» Data provided
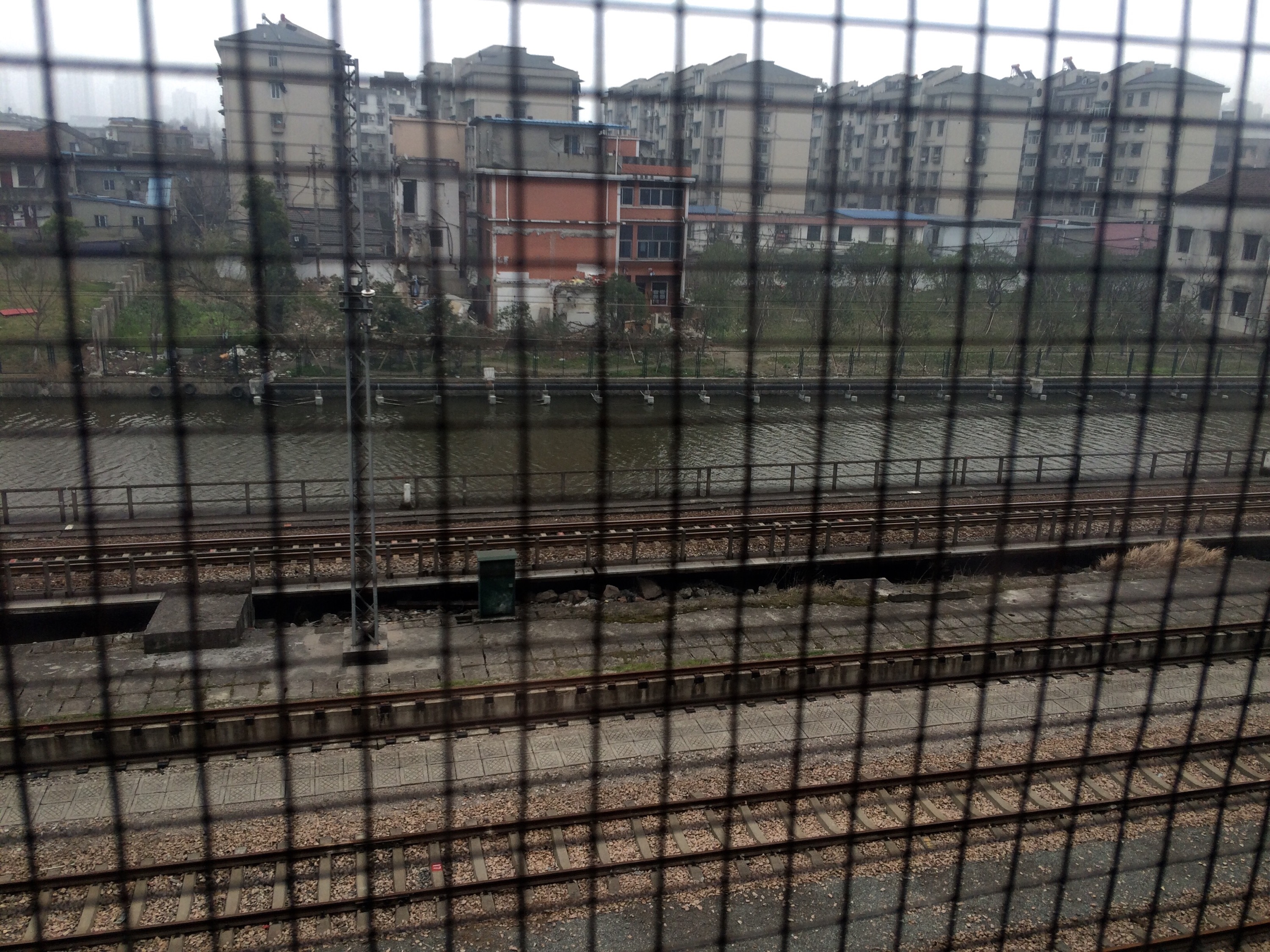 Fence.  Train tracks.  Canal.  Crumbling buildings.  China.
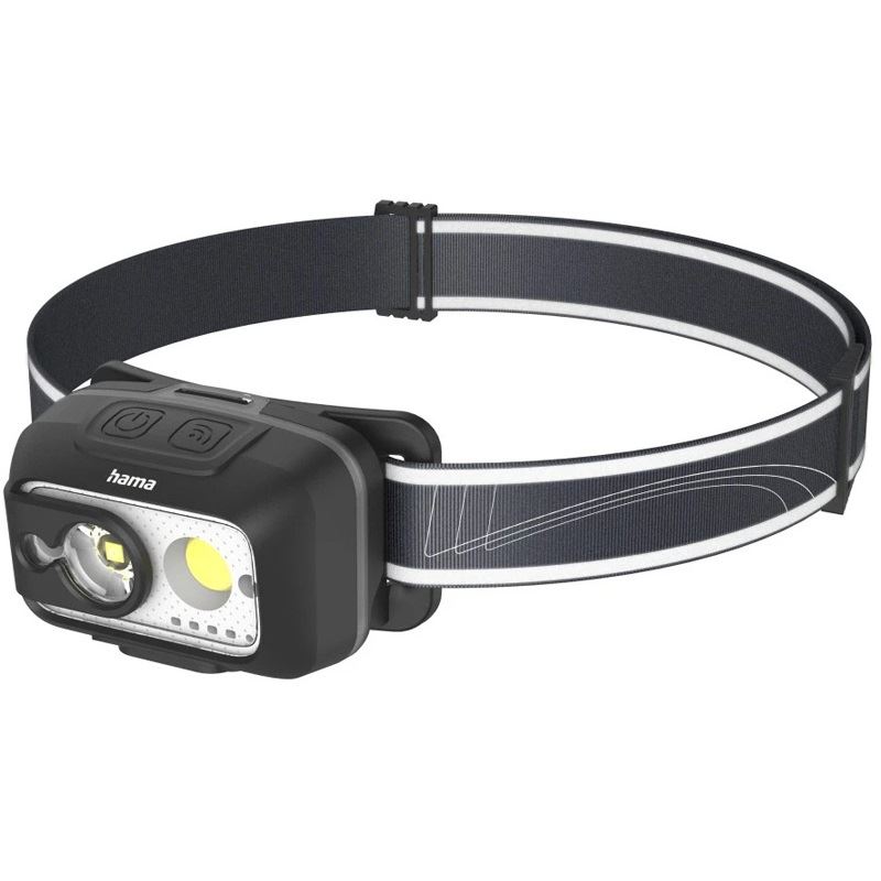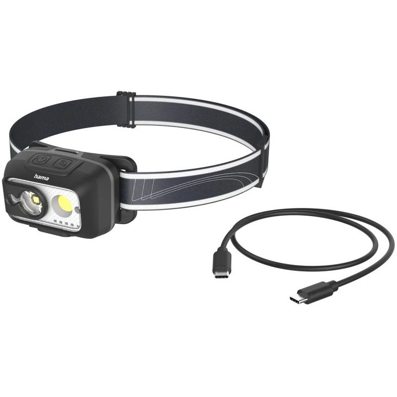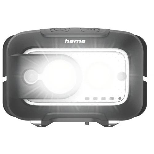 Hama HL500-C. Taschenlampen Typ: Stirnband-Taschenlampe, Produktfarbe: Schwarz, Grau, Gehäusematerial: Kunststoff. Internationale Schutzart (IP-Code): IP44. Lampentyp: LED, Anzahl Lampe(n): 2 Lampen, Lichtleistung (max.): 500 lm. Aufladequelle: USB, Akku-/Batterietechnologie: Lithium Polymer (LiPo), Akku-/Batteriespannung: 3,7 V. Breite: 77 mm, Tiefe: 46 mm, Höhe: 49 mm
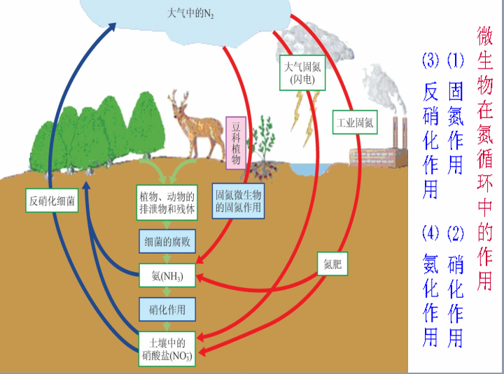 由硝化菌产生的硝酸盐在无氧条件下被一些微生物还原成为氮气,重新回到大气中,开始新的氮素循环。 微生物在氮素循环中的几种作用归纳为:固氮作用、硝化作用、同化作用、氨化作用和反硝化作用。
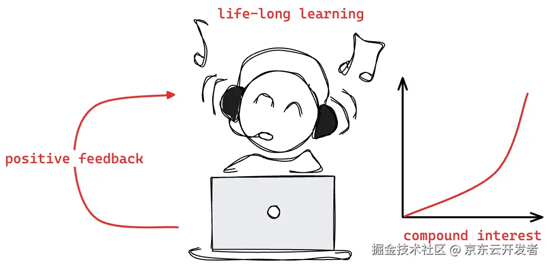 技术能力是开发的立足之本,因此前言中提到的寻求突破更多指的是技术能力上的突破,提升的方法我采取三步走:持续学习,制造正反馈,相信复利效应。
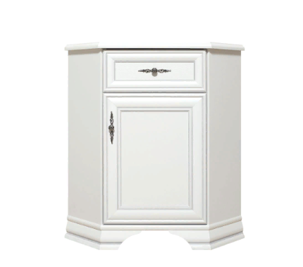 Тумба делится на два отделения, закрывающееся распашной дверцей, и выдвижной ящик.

» Task directions
Restate the entries above word for word, and keep the pictures out.

» Result for this exercise
 Fence.  Train tracks.  Canal.  Crumbling buildings.  China.
 Hama HL500-C. Taschenlampen Typ: Stirnband-Taschenlampe, Produktfarbe: Schwarz, Grau, Gehäusematerial: Kunststoff. Internationale Schutzart (IP-Code): IP44. Lampentyp: LED, Anzahl Lampe(n): 2 Lampen, Lichtleistung (max.): 500 lm. Aufladequelle: USB, Akku-/Batterietechnologie: Lithium Polymer (LiPo), Akku-/Batteriespannung: 3,7 V. Breite: 77 mm, Tiefe: 46 mm, Höhe: 49 mm
 由硝化菌产生的硝酸盐在无氧条件下被一些微生物还原成为氮气,重新回到大气中,开始新的氮素循环。 微生物在氮素循环中的几种作用归纳为:固氮作用、硝化作用、同化作用、氨化作用和反硝化作用。
 技术能力是开发的立足之本,因此前言中提到的寻求突破更多指的是技术能力上的突破,提升的方法我采取三步走:持续学习,制造正反馈,相信复利效应。
 Тумба делится на два отделения, закрывающееся распашной дверцей, и выдвижной ящик.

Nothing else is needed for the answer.